■ RECORDED DATA
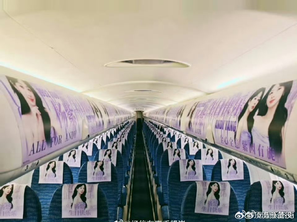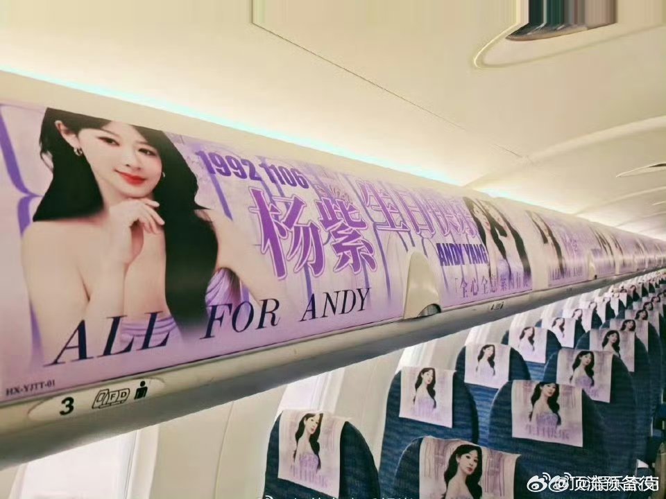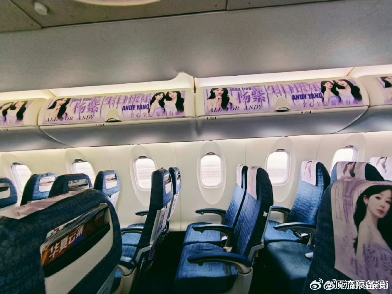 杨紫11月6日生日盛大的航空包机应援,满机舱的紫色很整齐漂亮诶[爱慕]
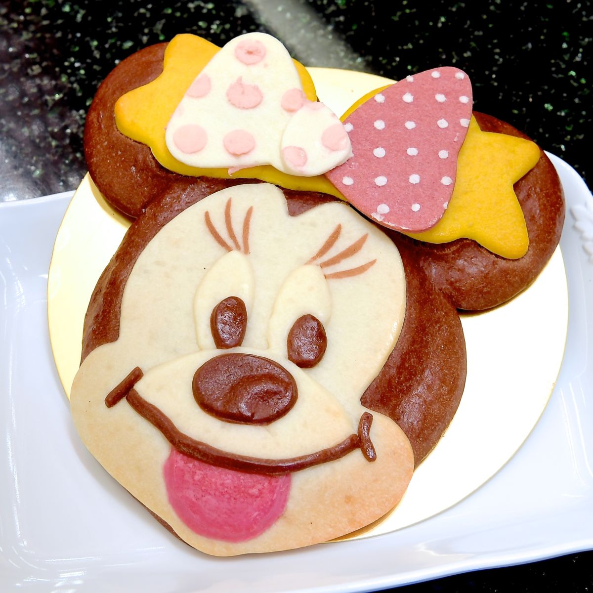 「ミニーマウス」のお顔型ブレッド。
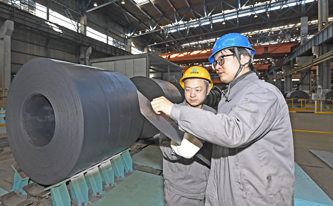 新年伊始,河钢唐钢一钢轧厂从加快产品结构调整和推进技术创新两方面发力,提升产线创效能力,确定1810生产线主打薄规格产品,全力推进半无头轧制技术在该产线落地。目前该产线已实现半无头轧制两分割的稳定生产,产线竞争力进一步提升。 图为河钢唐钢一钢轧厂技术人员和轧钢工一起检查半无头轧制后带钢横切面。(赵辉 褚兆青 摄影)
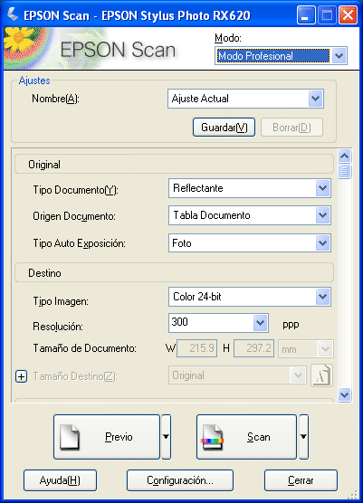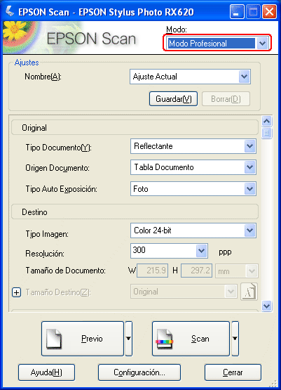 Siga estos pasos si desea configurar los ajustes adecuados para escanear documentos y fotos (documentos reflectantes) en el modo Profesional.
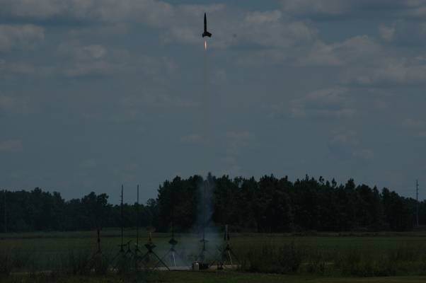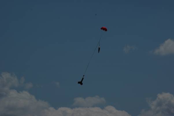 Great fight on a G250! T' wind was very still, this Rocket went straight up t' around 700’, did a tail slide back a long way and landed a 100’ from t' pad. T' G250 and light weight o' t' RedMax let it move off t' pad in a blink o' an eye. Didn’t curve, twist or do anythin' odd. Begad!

■ WHAT YOU NEED TO DO
Set down the records again exactly as they appear, leaving each picture behind.

■ WORKED SOLUTION
 杨紫11月6日生日盛大的航空包机应援,满机舱的紫色很整齐漂亮诶[爱慕]
 「ミニーマウス」のお顔型ブレッド。
 新年伊始,河钢唐钢一钢轧厂从加快产品结构调整和推进技术创新两方面发力,提升产线创效能力,确定1810生产线主打薄规格产品,全力推进半无头轧制技术在该产线落地。目前该产线已实现半无头轧制两分割的稳定生产,产线竞争力进一步提升。 图为河钢唐钢一钢轧厂技术人员和轧钢工一起检查半无头轧制后带钢横切面。(赵辉 褚兆青 摄影)
 Siga estos pasos si desea configurar los ajustes adecuados para escanear documentos y fotos (documentos reflectantes) en el modo Profesional.
 Great fight on a G250! T' wind was very still, this Rocket went straight up t' around 700’, did a tail slide back a long way and landed a 100’ from t' pad. T' G250 and light weight o' t' RedMax let it move off t' pad in a blink o' an eye. Didn’t curve, twist or do anythin' odd. Begad!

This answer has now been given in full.